__Given data__.
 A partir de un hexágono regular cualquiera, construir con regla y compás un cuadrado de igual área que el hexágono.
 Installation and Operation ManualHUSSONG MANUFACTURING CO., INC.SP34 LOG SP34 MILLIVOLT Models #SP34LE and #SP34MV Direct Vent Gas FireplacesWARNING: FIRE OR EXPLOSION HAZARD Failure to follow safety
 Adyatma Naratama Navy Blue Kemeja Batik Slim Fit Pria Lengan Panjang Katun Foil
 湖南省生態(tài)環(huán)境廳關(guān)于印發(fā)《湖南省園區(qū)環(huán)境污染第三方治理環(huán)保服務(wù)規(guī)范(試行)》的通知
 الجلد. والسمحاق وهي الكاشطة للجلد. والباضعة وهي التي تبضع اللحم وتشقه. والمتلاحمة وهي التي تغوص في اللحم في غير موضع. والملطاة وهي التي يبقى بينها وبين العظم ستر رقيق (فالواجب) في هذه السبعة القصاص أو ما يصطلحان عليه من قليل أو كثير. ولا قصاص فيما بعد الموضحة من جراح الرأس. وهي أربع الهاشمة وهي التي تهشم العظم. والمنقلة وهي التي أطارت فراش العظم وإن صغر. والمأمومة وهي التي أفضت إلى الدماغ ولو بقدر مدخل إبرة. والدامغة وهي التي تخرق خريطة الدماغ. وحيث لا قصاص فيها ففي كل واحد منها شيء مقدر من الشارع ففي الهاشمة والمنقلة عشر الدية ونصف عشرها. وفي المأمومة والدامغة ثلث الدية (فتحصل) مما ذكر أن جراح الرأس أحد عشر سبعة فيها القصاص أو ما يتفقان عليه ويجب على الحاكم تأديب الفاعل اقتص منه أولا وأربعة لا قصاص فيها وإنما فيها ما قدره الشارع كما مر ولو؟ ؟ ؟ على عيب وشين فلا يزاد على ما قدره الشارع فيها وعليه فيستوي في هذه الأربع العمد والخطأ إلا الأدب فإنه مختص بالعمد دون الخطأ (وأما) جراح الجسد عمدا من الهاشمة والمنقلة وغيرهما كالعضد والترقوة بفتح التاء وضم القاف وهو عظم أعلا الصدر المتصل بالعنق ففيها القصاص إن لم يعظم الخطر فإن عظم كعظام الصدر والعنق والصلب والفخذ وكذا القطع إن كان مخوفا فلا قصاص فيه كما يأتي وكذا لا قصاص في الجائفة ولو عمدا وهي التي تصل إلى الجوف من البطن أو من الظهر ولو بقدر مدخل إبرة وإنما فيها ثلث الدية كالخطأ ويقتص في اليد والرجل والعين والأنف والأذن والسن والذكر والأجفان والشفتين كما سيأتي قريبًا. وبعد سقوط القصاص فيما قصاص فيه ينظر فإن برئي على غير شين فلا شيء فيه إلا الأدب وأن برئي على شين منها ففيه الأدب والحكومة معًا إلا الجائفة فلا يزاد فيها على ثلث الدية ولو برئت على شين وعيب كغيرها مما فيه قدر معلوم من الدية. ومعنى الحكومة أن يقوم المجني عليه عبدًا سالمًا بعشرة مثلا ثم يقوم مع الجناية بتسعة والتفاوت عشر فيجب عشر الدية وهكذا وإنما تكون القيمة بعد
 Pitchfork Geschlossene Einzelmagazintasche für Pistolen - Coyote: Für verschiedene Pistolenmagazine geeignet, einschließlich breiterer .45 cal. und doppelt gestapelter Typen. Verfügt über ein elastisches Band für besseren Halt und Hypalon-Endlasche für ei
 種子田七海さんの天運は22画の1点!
==
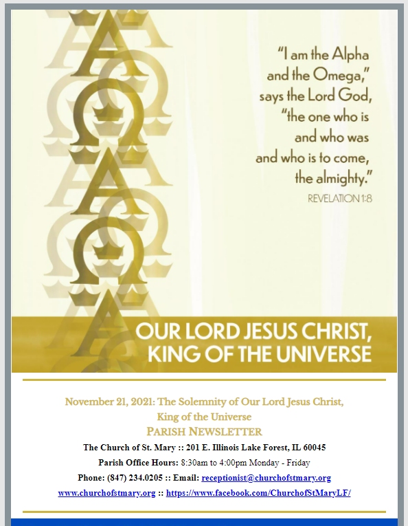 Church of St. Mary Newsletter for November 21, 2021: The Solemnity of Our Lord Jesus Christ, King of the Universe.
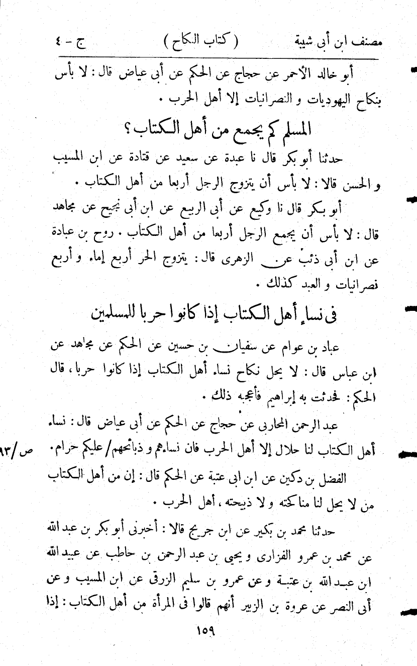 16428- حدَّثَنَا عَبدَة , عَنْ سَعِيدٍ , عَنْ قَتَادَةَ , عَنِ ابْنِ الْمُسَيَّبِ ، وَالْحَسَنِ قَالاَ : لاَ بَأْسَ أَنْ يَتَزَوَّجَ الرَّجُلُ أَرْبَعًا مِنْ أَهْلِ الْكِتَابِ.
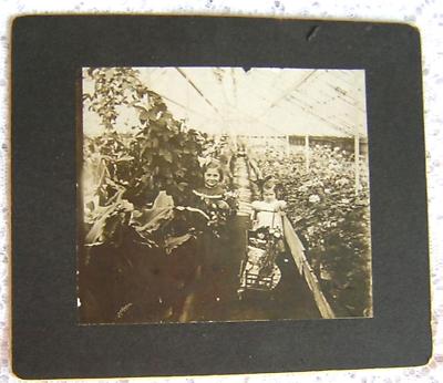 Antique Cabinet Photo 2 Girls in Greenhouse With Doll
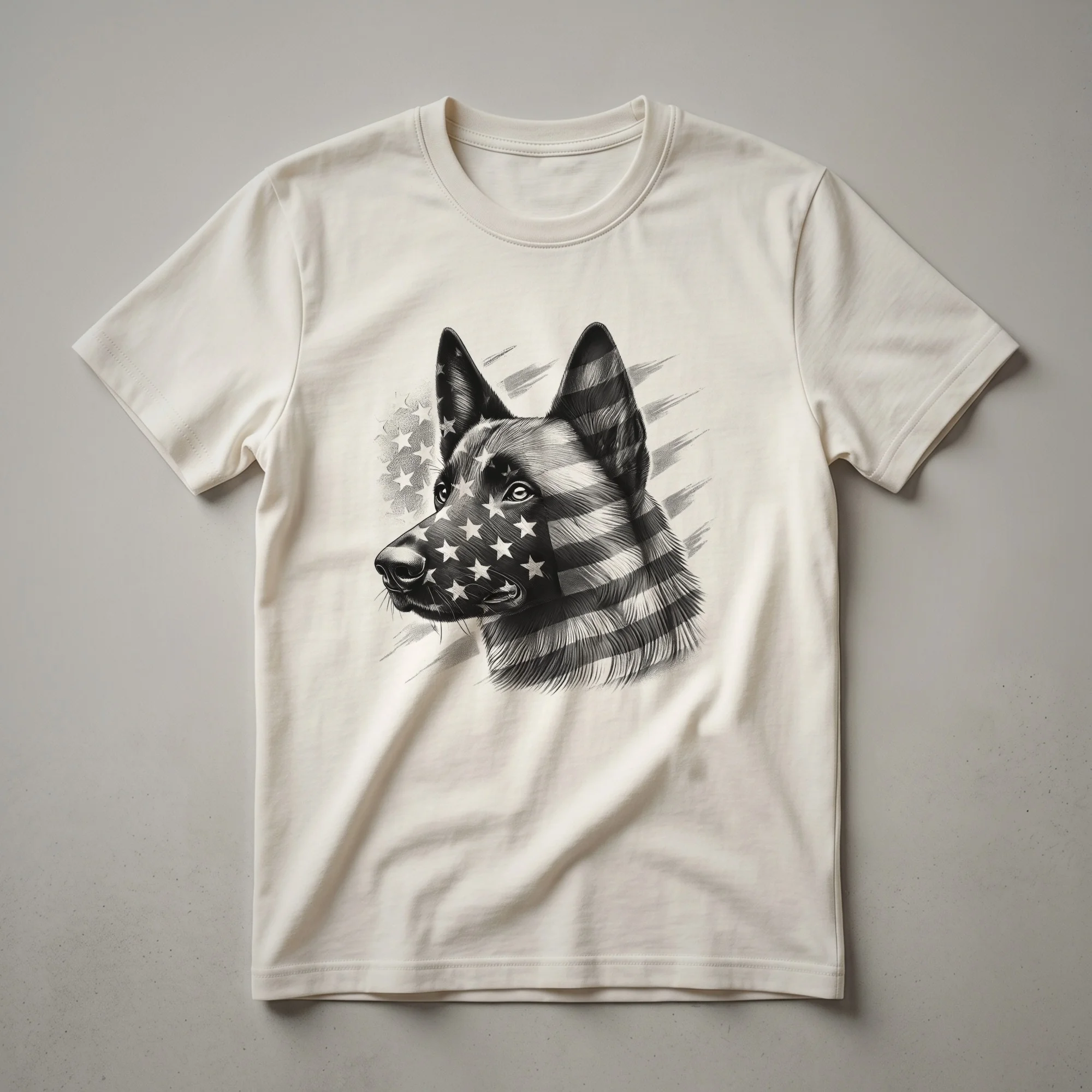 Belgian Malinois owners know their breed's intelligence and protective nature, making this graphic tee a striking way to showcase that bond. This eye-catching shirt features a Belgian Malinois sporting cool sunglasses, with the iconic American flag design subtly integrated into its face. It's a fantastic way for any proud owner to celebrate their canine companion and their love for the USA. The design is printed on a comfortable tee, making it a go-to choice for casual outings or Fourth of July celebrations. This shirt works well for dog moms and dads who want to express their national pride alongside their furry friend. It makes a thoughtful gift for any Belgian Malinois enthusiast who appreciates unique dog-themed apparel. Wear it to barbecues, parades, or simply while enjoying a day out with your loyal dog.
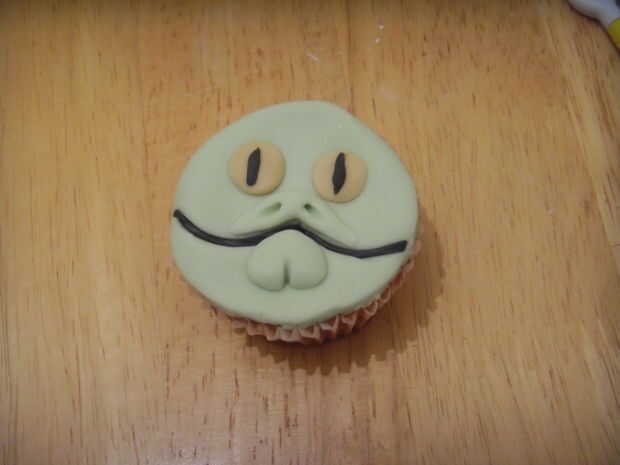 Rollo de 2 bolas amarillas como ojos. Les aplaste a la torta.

__Problem to work on__. Among the entries above, the lines between the ones containing "A partir de" and "湖南省生態(tài)環(hu", inclusive, are to be transcribed exactly. No other line is to be given.

__Result of the exercise__.
 A partir de un hexágono regular cualquiera, construir con regla y compás un cuadrado de igual área que el hexágono.
 Installation and Operation ManualHUSSONG MANUFACTURING CO., INC.SP34 LOG SP34 MILLIVOLT Models #SP34LE and #SP34MV Direct Vent Gas FireplacesWARNING: FIRE OR EXPLOSION HAZARD Failure to follow safety
 Adyatma Naratama Navy Blue Kemeja Batik Slim Fit Pria Lengan Panjang Katun Foil
 湖南省生態(tài)環(huán)境廳關(guān)于印發(fā)《湖南省園區(qū)環(huán)境污染第三方治理環(huán)保服務(wù)規(guī)范(試行)》的通知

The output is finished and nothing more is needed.